How to increase sleep efficiency and overcome sleep problems and insomnia

There are many misconceptions when it comes to your sleep quality and what you need to do to overcome insomnia and other related issues. I wanted to talk about sleep efficiency today as I think this is something you can benefit from understanding so it can really help you work towards improving your sleep.

Over the years I have been surprised by how differently people perceive sleep efficiency.

Some of those people would follow advice that unfortunately, decreased the amount of efficiency they had when it came to sleep. Even though you might understand what it is, it doesn't mean you can make it happen.

There is often that missing gap between the knowledge itself and how to transfer it into a practical approach that helps you overcome your sleep problems or even insomnia. So we're really going to look at those practicalities and how to use them to your advantage.

 

The basics of sleep efficiency

Sleep efficiency is very simply the difference between the amount of time you spend in bed, versus the amount of time that you actually spend sleeping in bed. Good sleep efficiency is 85% or better of your time in bed being asleep. 

One of the first misconceptions that I come across is that you might expect to fall asleep as soon as you are in bed. the second part of this misconception is that you think you should stay asleep until it’s time to get out of bed.

That can put a lot of pressure on you, and links to another problem I address which is sleep perfection here is a video on sleep perfection )

Focusing on your sleep efficiency being good when it’s 85% or above gives you a bit of wiggle room, which we all need to transition from daytime to nighttime in the evening and nighttime to daytime in the morning.

After all, falling asleep is a process, just like waking up is a process so can never really achieve 100% sleep efficiency!

Not allowing yourself wiggle room or being perfectionistic can be very unrealistic, especially when you're struggling with sleep problems or insomnia that have been around for long periods of time.

This is a word of warning there to make sure that you're not putting too much pressure on yourself first. 

Feeling under pressure will only make it harder for you to relax enough to fall asleep and sleep through the night peacefully.

 

A practical example of 85% sleep efficiency

Let's say you go to bed at 11 pm, and wake up at 7 am, that's your sleep timeframe in bed.

Of course, it doesn't have to be this timeframe for you, everyone is different. But whatever timeframe you have, it is important to really look at if it works for you or not. 

Looking at the 11 pm to 7 am timeframe, an 85% sleep efficiency works out as sleeping for 6 hours 50 minutes. So sleeping just under 7 hours within that 8-hour timeframe in bed. 

As you can see, that gives you the opportunity to have a bit of that wiggle room.

This example is my sleep timeframe and my sleep efficiency tends to be higher than 85%, because I have learned so many different tools and techniques that help me make that happen in a practical way.

But you don't have to put that pressure on yourself to get a high percentage upfront, just really look at where you're at and focus on growing from there.

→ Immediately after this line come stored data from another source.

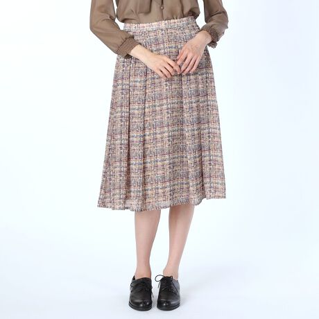 繊細なツイード調プリントがコーディネートの主役になるスカート。さりげないドレープの入ったデザインが、優雅な着こなしを叶えてくれそう。甘くなりすぎないフェミニンスタイルを楽しみたい日にもおすすめの一枚です。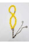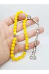 - Gümüş kaplama detaylarıyla zenginleştirilmiş, uzun ömürlü ve şık bir görünüm sunar.; - Doğal akik taşı, her bir tesbihin benzersiz ve otantik bir dokunuşla parlamasını sağlar.; - 1010125 renk kodu ile sarı tonlarında zarif bir renk paleti sunar, göz alıcı bir estetik oluşturur.; - Düz deseni sayesinde sade ve modern bir tasarıma sahip olup, her türlü kıyafetle kolayca uyum sağlar.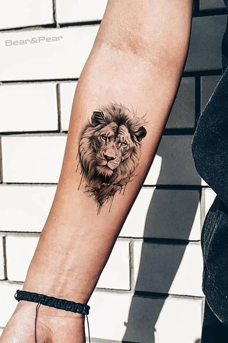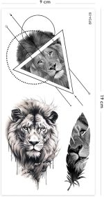Lion tattoo. Gender: Unisex. Total tattoo size: 9×19 cm. Durability: 3 to 7 days.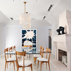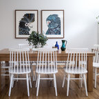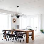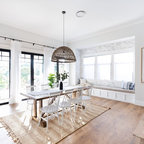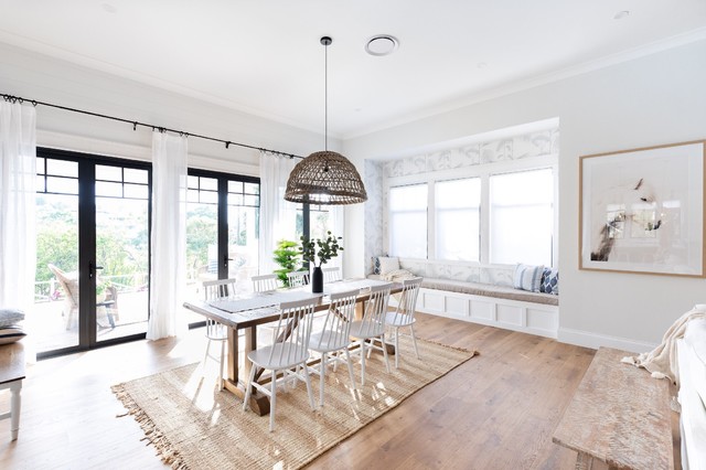 Design ideas for a country open plan dining in Brisbane with white walls, medium hardwood floors and brown floor. — Houzz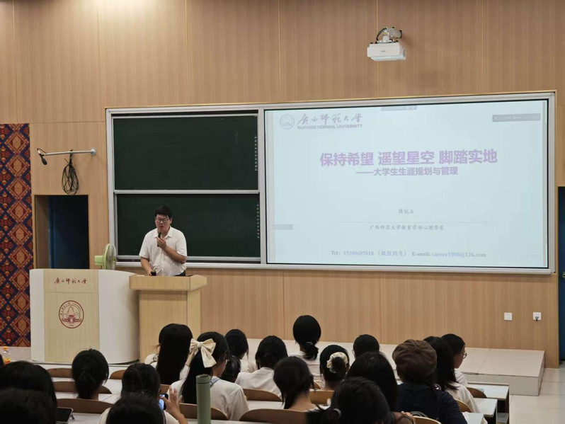 9月17日下午和9月19日晚,教育学部本科教务办于雁山校区,分别精心组织了“本科新生导学+职业生涯规划”融合课程大讲堂。学部2025级全体本科新生分两批参与了本次学习。本次课程由教育学部心理学系陈宛玉副教授主讲,与传统新生导学模式不同,此次课程将新生导学与职业生涯规划相融合,以“前置化、一体化”思路,为新生搭建学业与职业衔接桥梁。

If you have been struggling with sleep problems or even insomnia, then any improvement in sleep efficiency is a good start, and you can build on your progress over time.

 

How to work out your sleep efficiency

Now that you have an idea of what percentage to aim for, how can you work it out?

You might have a guess about how much you sleep.

Some people use tech like a watch or other wearable device that tells them how they slept. But one of the best ways to really educate yourself and understand where you're at is by keeping a sleep diary. 

This way you can really start understanding on a daily basis how you are sleeping, and keep track before you forget. You can also see what differences you can make to influence your sleep, or maybe spot some of the things that hinder your progress. 

This is a practical way of getting to know your sleep in a very objective way, and not in an emotional way. When people struggle with sleep problems, they often tend to think negatively about sleep. This can mean you miss out on noticing your progress and the good things that are working for you.

If you keep a sleep diary properly you can start to spot trends, track progress and refine your efforts towards what is working best for you.

By keeping a sleep diary effectively, you'll be able to work out your current sleep efficiency and see how different nights might result in increased or decreased %. When you find that some nights are better, please take a moment to really celebrate those good parts, no matter how small an improvement that is. 

 

Manage your expectation

As I mentioned before, it's really important not to put a lot of pressure on yourself, because it can actually make things worse. The more you worry about how you will sleep, or the more you put yourself under pressure to achieve 85% or more sleep efficiency, the more you end up fighting or even criticising yourself. 

Pressure doesn’t help us to switch off and allow ourselves to sleep really well. So if you discover that your sleep efficiency is lower, just look at improving let's say 5% at first, and take it one step at a time.

And when you see improvement, look at what helped you in a practical way and continue moving forward and build on the progress you made.

Those are the basics of what sleep efficiency is and how you can use it in your goal to overcome chronic or long-term sleep problems and even insomnia.

Of course, if you have any questions then feel free to submit them through the link below.

Have a question about sleep problems and insomnia?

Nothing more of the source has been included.